Last week I wrote that the eurozone would play ball, agreeing to help Greece in exchange for political cover in the form of token concessions. Tsipras, however, in a masterful political move, would be damned if he let Brussels strong-arm him into reneging on his election promises. Accepting the proposal unilaterally would guarantee an early end to the 41-year-old's political career. So, he did what any shrewd politician would do: Put it to the people. Although the referendum will be close, the Greeks will choose to accept the bailout plan rather than risk leaving the eurozone. Much of the electorate remembers a pre-euro environment and wants to desperately avoid going back to those days.

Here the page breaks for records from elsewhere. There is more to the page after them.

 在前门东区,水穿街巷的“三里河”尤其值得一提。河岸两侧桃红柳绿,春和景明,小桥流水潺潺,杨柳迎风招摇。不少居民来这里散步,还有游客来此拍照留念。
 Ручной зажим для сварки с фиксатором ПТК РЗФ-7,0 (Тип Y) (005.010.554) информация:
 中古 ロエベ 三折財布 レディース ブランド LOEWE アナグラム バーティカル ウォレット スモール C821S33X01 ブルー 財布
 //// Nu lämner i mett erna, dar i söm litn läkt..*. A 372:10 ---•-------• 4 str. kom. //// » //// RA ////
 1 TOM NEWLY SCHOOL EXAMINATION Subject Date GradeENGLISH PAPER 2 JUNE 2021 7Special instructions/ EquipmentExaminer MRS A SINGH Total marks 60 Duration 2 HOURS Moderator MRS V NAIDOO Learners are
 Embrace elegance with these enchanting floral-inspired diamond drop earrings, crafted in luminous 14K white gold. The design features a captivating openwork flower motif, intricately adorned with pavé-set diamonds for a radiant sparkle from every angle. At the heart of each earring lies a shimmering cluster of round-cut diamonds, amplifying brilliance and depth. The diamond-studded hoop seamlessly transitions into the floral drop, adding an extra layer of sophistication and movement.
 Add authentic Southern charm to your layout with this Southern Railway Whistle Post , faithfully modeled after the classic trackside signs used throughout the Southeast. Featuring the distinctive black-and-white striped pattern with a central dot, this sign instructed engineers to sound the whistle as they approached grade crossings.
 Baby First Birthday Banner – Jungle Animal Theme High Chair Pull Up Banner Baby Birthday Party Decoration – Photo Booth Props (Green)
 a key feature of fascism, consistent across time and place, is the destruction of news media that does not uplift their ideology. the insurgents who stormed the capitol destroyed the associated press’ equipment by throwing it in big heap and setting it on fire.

Greece's economy, like Turkey's, experienced a tumultuous period in the '70s, '80s and '90s. The implementation of the euro was a godsend for Greece, as it was for their euro-Mediterranean brethren. Handing over monetary policy to the ECB ensured that politicians with no experience running an economy would not be able to influence decisions at national banks. Re-relocating that monetary policy making to Athens now would almost certainly force Greeks to relive those days.

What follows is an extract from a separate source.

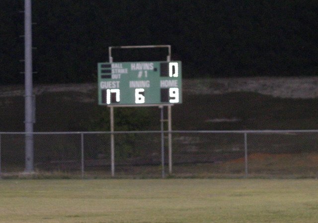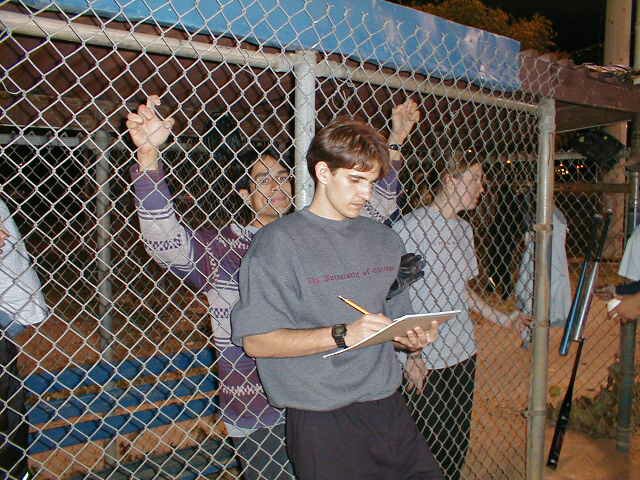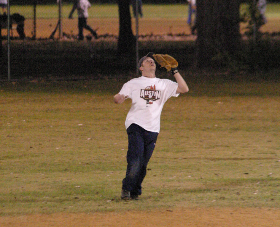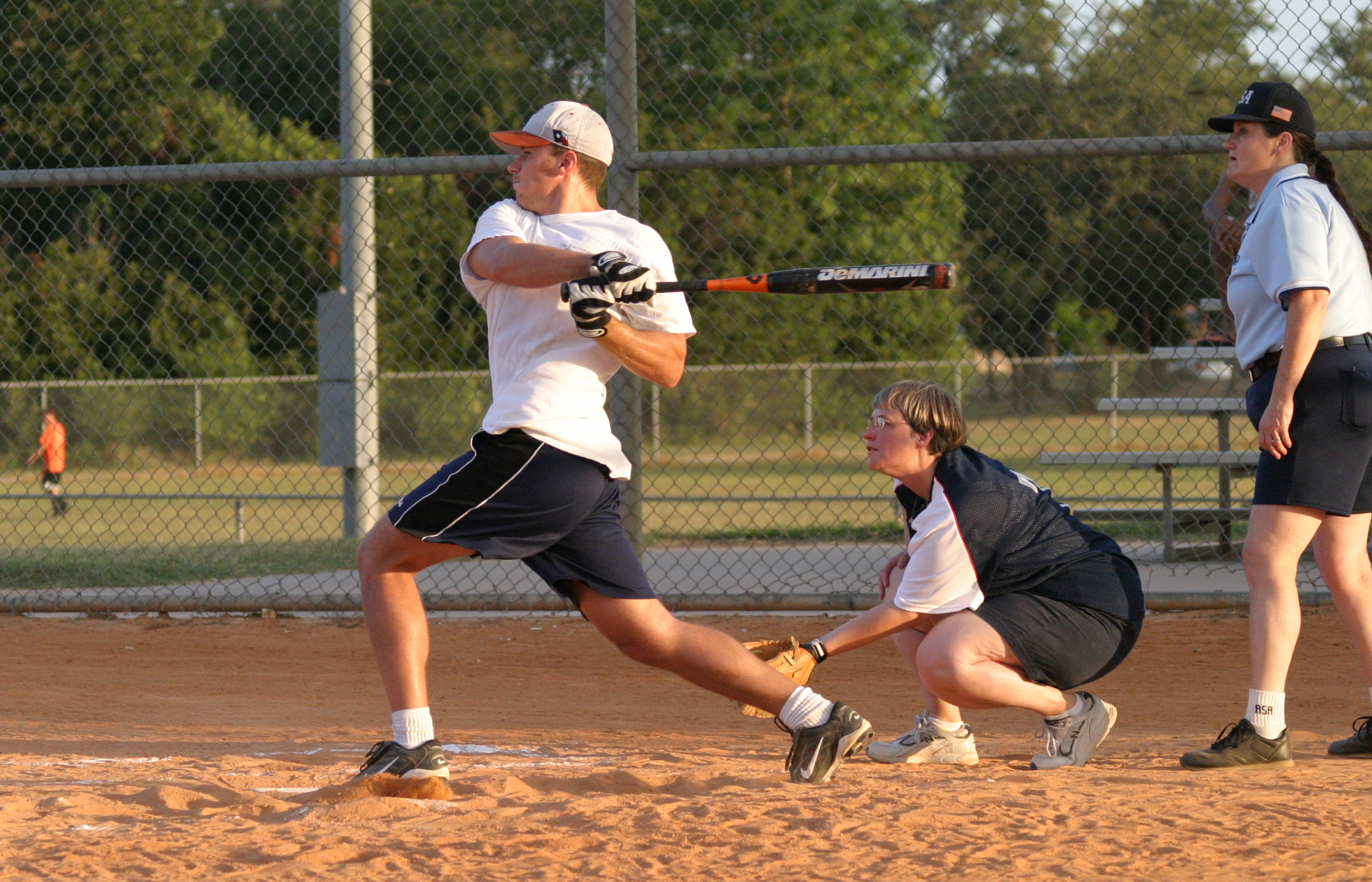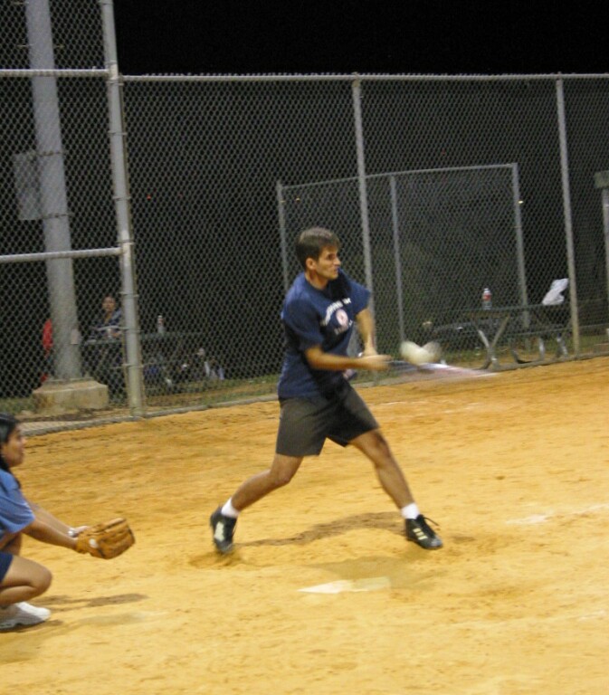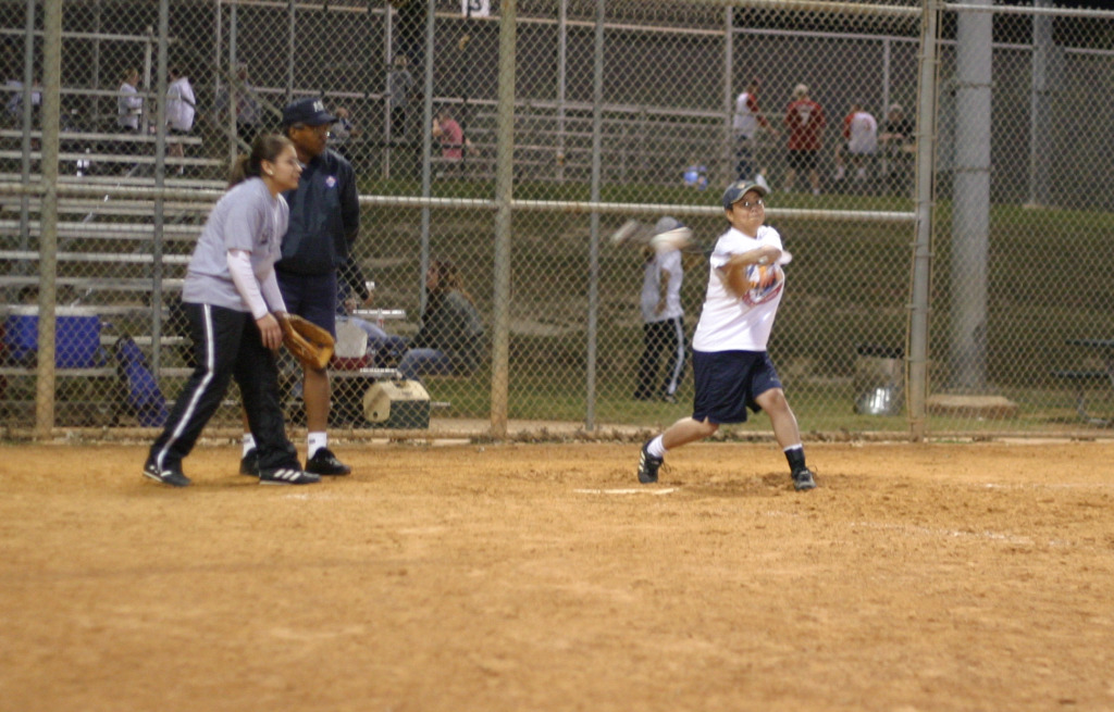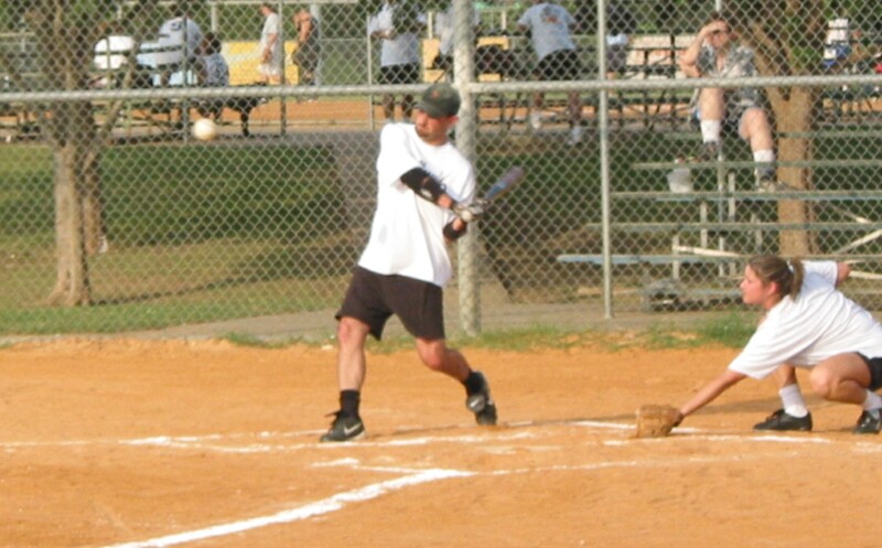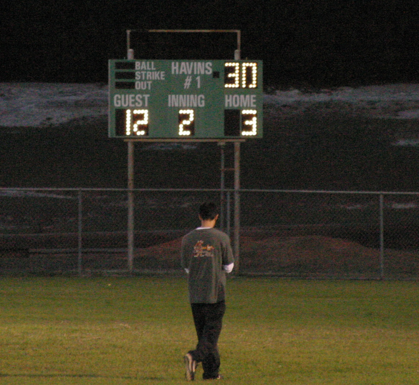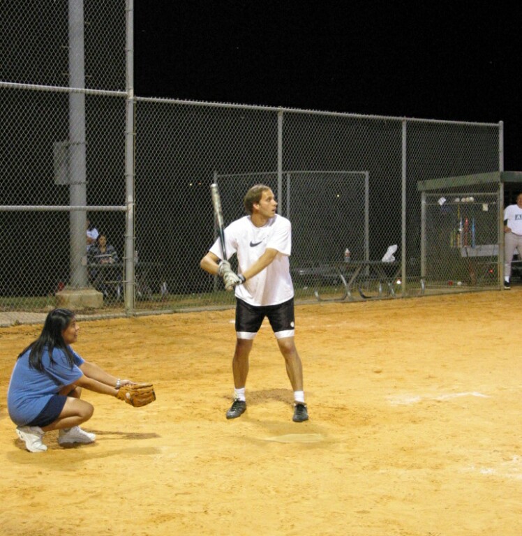 Chris E launches his 2-run triple in the top of the 4th inning. Tim R is visible on second base. |

So, in this scenario, a referendum will be held, it will be accepted and Tsipras and his Syriza government will "lose" the referendum, giving them ample political cover in the near-term. "We warned you not to vote for the bailout," they will argue when the Greek government again faces problems in adhering to the austerity measures in the face of predictable near-constant protests against further belt-tightening. The Greek economy will continue to shrink and the eurozone may continue to string it along. The eurozone would rather pump a few billion euros into Greece every month than risk the first cracks in the monetary union.
Greece is currently the second-to-last country globally in terms of its gross domestic product (GDP)-to-debt ratio, beaten only by Japan. Having traveled throughout Japan this week, talking with academics and economists, I've found there is little comparison between the two countries. That a high GDP-to-debt ratio may not necessarily be crippling to an export-driven country such as Japan. The same cannot, unfortunately, be said for Greece.
Japan can, and has, devalued its currency recently with their own round of quantitative easing, increasing debt in exchange for the promise of increased growth, lower unemployment and ultimately the ability to repay that debt. It's like pruning a tree; the branches will grow back stronger, argue supporters of Abenomics - the term coined in reference to the fiscal policies implemented by Japanese Prime Minister Shinzo Abe. However, Greece does not have this luxury. With its monetary policy outsourced to Frankfurt, it is at the mercy of the ECB.
The worst part of this upcoming referendum that the Greeks will vote in is that there's really no choice. Austerity or a "Grexit" (Greek exit from the eurozone)? Both are equally terrifying, although the predictability with continued austerity - fear of the known - will be preferred over fear of the unknown - exiting the eurozone. What would happen in that insistence? What would happen if Syriza actually got what it says it wants? A rejection of the eurozone's proposal, default, a return to the drachma, currency devaluation and then what? This uncertainty will cripple the voters with fear, most likely causing them to accept this final bailout proposal.
In a perfect world, the Greeks would reject the eurozone's proposal, return to the drachma and the Syriza government would start anew. The depreciation of the currency would make Greece much more competitive in the European Union and attract European jobs. Tourism, already nearly 20 percent of GDP, would increase as Greece became more attractive to the euro-rich tourist. Industry, although less of a contributor to GDP than tourism, would be spurred and Greece would return to stability.
The reality is that we don't live in a perfect world and there is little chance of this happening because of the fragmented nature of Greek politics. No coalition government would survive to see these policies implemented.
I predict the referendum will pass with 58 percent of the vote.